Data records
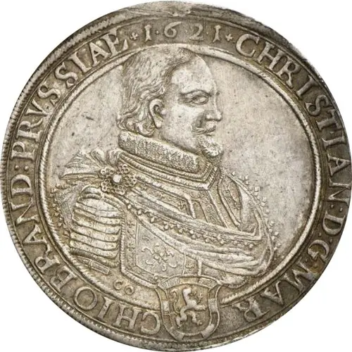 Artistry: While the specific engraver for this issue is often unrecorded, the coin's design reflects prevailing Late Renaissance to early Baroque stylistic traditions common in German states. The obverse likely features a dignified, armored bust or half-figure of Margrave Christian, presenting an image of authority befitting a wartime ruler. The reverse would showcase the complex dynastic arms of Brandenburg-Bayreuth, often multi-quartered and crowned, intricately rendered to assert sovereignty and lineage on the Thaler's broad flan.
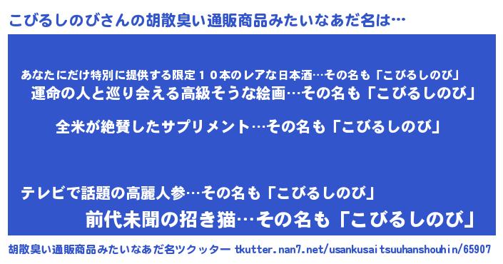 | 欧米人風あだ名 | 『ウサインこびるしのび』 |
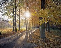 zon, herfst, bomen, bos, bospad, laantje, bladeren, schaduw,
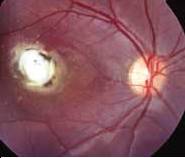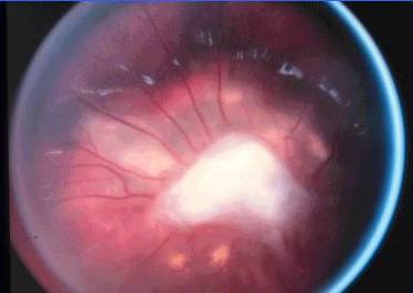 ca o masa retinocoroidata, cel mai adesea in zona maculara. Se
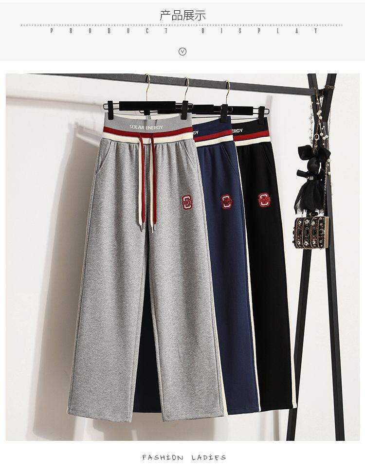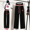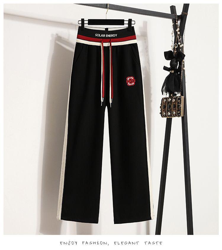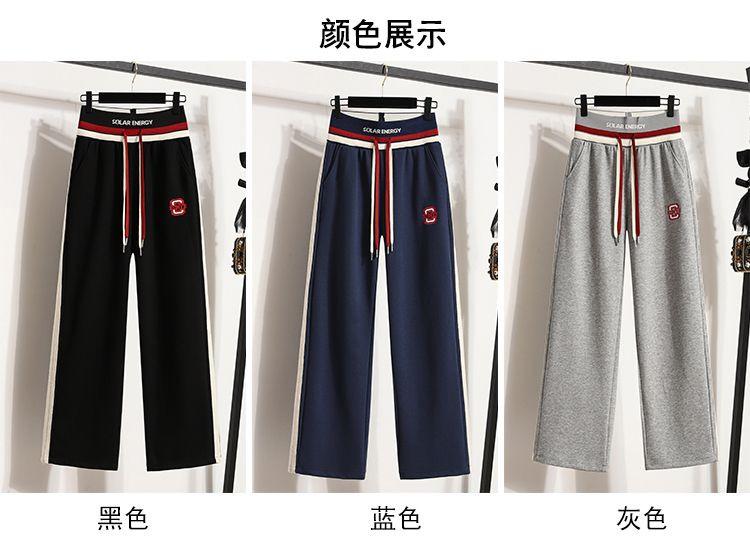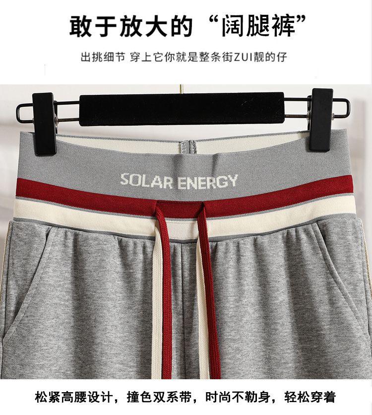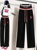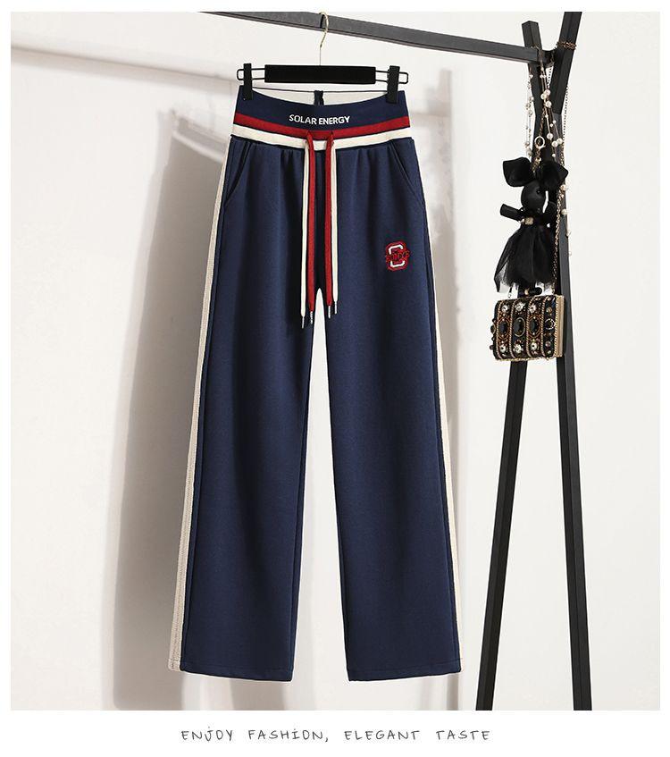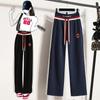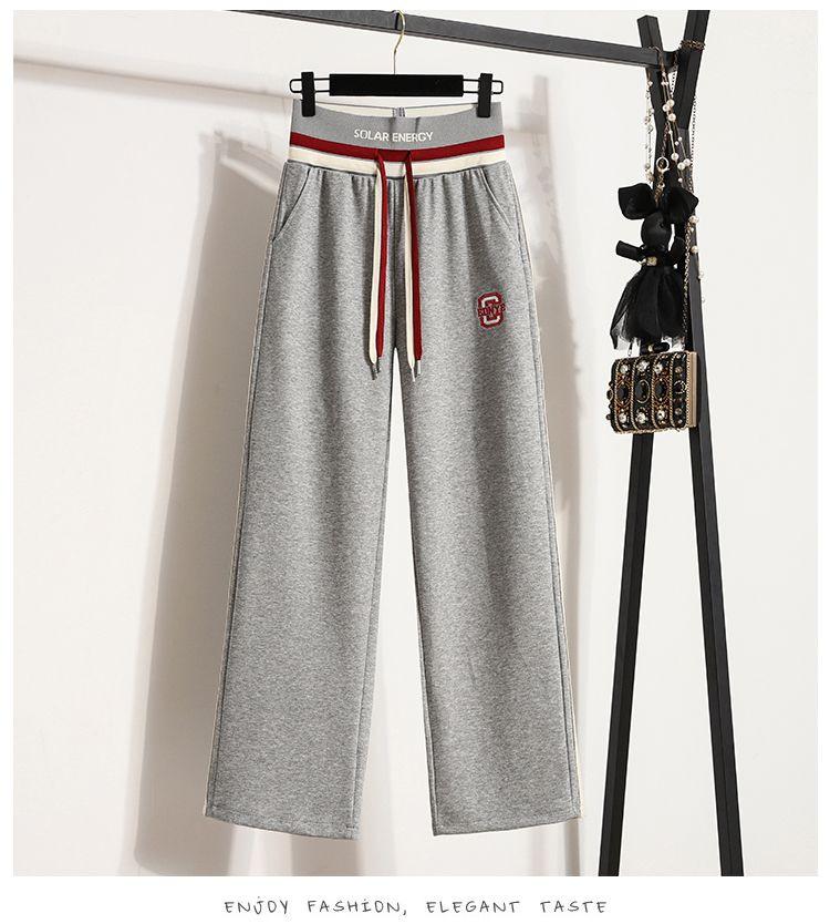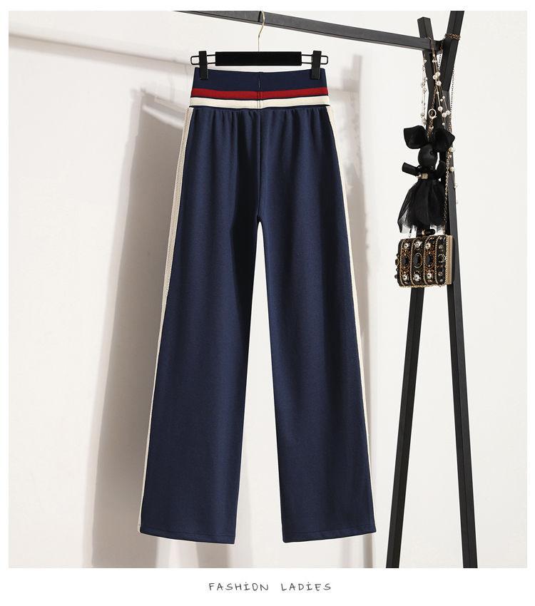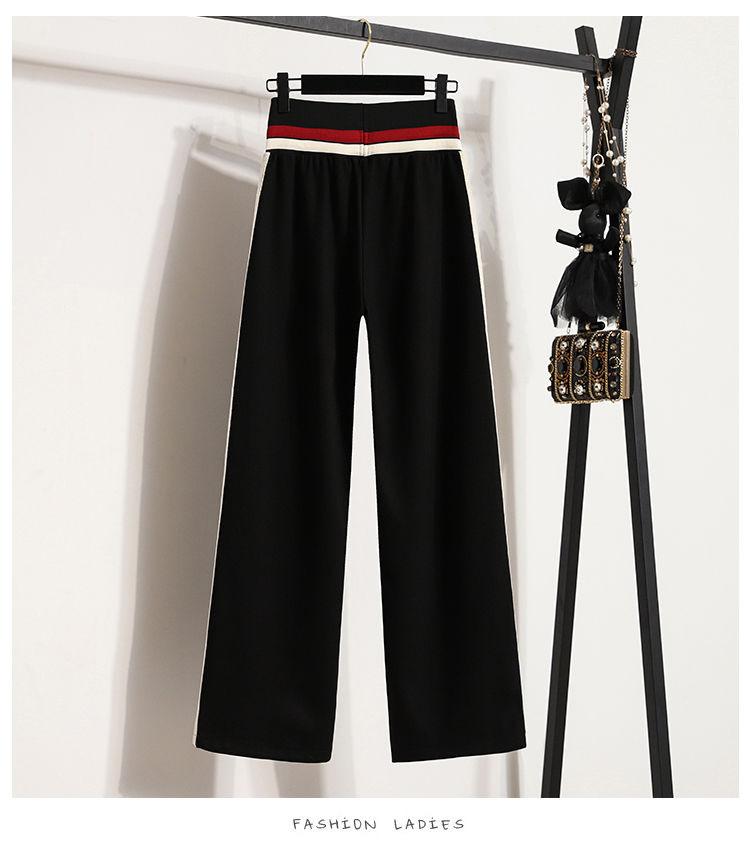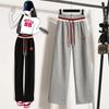 2023 Principios de Primavera Nuevo Estilo Coreano Rayas de Color Combinación de Colores Elástico Letra Cintura Cordón Ajustable Rectos Sueltos Pierna Ancha Pantalones de Suéter para Mujer
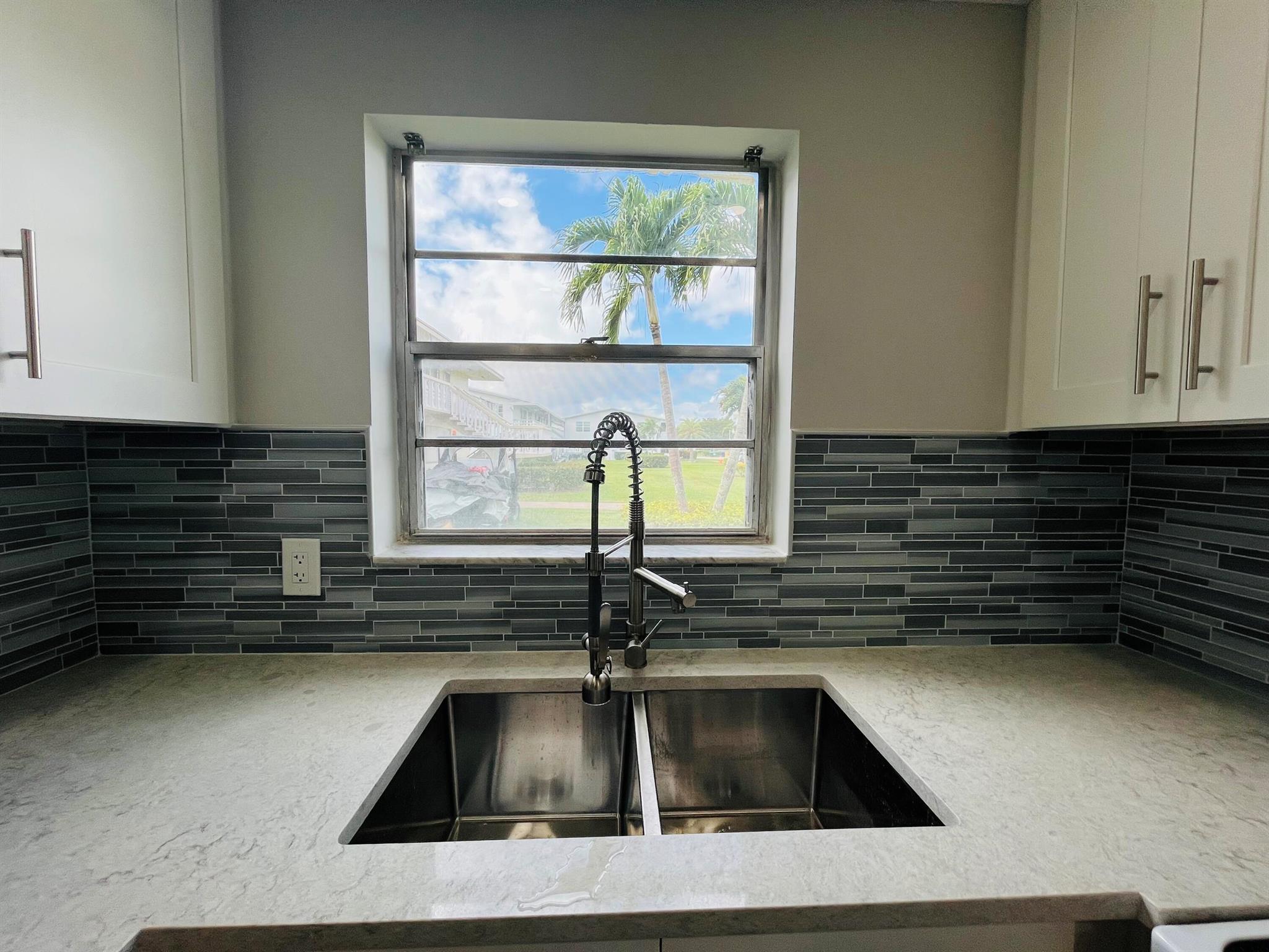 STUNNING UPDATED GROUNDFLOOR CORNER 1 BED 1 1/2 BATH WITH BEAUTIFUL WATER VIEW.. CENTRAL AIR WELL MANAGED ASSOCIATION. Laundry room, assigned parking spot plus visitor parking available; local bus for errands/shopping both within & outside The Village; will sell furnished or unfurnished. COME AND ENJOY RESORT STYLE LIVING IN THIS GATED COMMUNITY FOR ADULTS 55+. Clubhouse with theater, shows, movies, craft and card rooms, billiards, aerobics, yoga, and dance classes. GREAT LOCATION: close to shops, restaurants, PBI airport and beaches.
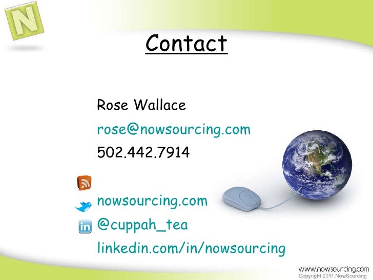 12. 12. Contact <ul><ul><ul><ul><ul><li>Rose Wallace </li></ul></ul></ul></ul></ul><ul><ul><ul><ul><ul><li>[email_address] </li></ul></ul></ul></ul></ul><ul><ul><ul><ul><ul><li>502.442.7914 </li></ul></ul></ul></ul></ul><ul><ul><ul><ul><ul><li>nowsourcing.com </li></ul></ul></ul></ul></ul><ul><ul><ul><ul><ul><li>@ cuppah_tea </li></ul></ul></ul></ul></ul><ul><ul><ul><ul><ul><li>linkedin.com/in/nowsourcing </li></ul></ul></ul></ul></ul>
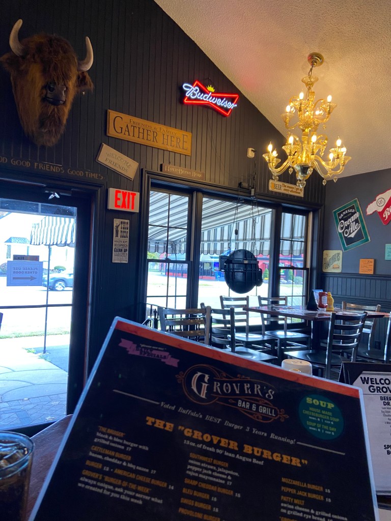 I had my lunch at Grover’s Bar & Grill on Transit Road in East Amherst. It was originally a hunting lodge built by former President Grover Cleveland and was featured on Food Network’s “Drive-ins, Diners, and Dives”. The place is adorable — very welcoming and nicely decorated in a rustic way. The waitress was friendly and fun. I liked it! One thing to note: they are “cash only” – it wasn’t a problem for me cause I had cash on me and they do have an ATM in case I didn’t! So, all was good!
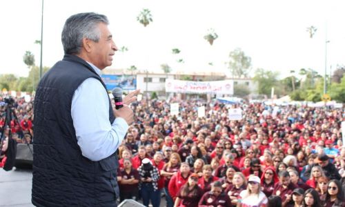 Por los trabajadores y sus familias fue la exigencia de la marcha que en la capital fue encabezada por el dirigente estatal de la Federación de Trabajadores del Estado, CTM Sonora, Javier Villarreal Gámez, y por el dirigente municipal Oscar Ortiz Arvayo, además de los secretarios generales de sus sindicatos.
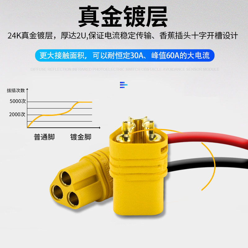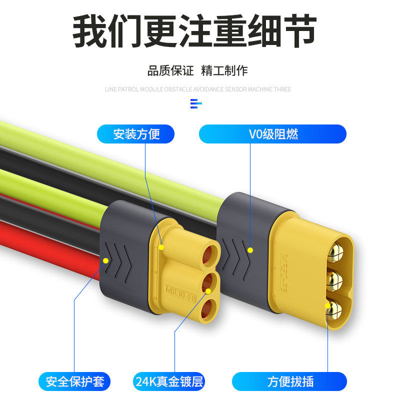 MT30 MR30 MT60 lithium battery three-core power connector banana plug socket male and female head balance car

Exercise objective
Return all of the records above exactly as written. Omit each picture.

Response below
 Artistry: While the specific engraver for this issue is often unrecorded, the coin's design reflects prevailing Late Renaissance to early Baroque stylistic traditions common in German states. The obverse likely features a dignified, armored bust or half-figure of Margrave Christian, presenting an image of authority befitting a wartime ruler. The reverse would showcase the complex dynastic arms of Brandenburg-Bayreuth, often multi-quartered and crowned, intricately rendered to assert sovereignty and lineage on the Thaler's broad flan.
 | 欧米人風あだ名 | 『ウサインこびるしのび』 |
 zon, herfst, bomen, bos, bospad, laantje, bladeren, schaduw,
 ca o masa retinocoroidata, cel mai adesea in zona maculara. Se
 2023 Principios de Primavera Nuevo Estilo Coreano Rayas de Color Combinación de Colores Elástico Letra Cintura Cordón Ajustable Rectos Sueltos Pierna Ancha Pantalones de Suéter para Mujer
 STUNNING UPDATED GROUNDFLOOR CORNER 1 BED 1 1/2 BATH WITH BEAUTIFUL WATER VIEW.. CENTRAL AIR WELL MANAGED ASSOCIATION. Laundry room, assigned parking spot plus visitor parking available; local bus for errands/shopping both within & outside The Village; will sell furnished or unfurnished. COME AND ENJOY RESORT STYLE LIVING IN THIS GATED COMMUNITY FOR ADULTS 55+. Clubhouse with theater, shows, movies, craft and card rooms, billiards, aerobics, yoga, and dance classes. GREAT LOCATION: close to shops, restaurants, PBI airport and beaches.
 12. 12. Contact <ul><ul><ul><ul><ul><li>Rose Wallace </li></ul></ul></ul></ul></ul><ul><ul><ul><ul><ul><li>[email_address] </li></ul></ul></ul></ul></ul><ul><ul><ul><ul><ul><li>502.442.7914 </li></ul></ul></ul></ul></ul><ul><ul><ul><ul><ul><li>nowsourcing.com </li></ul></ul></ul></ul></ul><ul><ul><ul><ul><ul><li>@ cuppah_tea </li></ul></ul></ul></ul></ul><ul><ul><ul><ul><ul><li>linkedin.com/in/nowsourcing </li></ul></ul></ul></ul></ul>
 I had my lunch at Grover’s Bar & Grill on Transit Road in East Amherst. It was originally a hunting lodge built by former President Grover Cleveland and was featured on Food Network’s “Drive-ins, Diners, and Dives”. The place is adorable — very welcoming and nicely decorated in a rustic way. The waitress was friendly and fun. I liked it! One thing to note: they are “cash only” – it wasn’t a problem for me cause I had cash on me and they do have an ATM in case I didn’t! So, all was good!
 Por los trabajadores y sus familias fue la exigencia de la marcha que en la capital fue encabezada por el dirigente estatal de la Federación de Trabajadores del Estado, CTM Sonora, Javier Villarreal Gámez, y por el dirigente municipal Oscar Ortiz Arvayo, además de los secretarios generales de sus sindicatos.
 MT30 MR30 MT60 lithium battery three-core power connector banana plug socket male and female head balance car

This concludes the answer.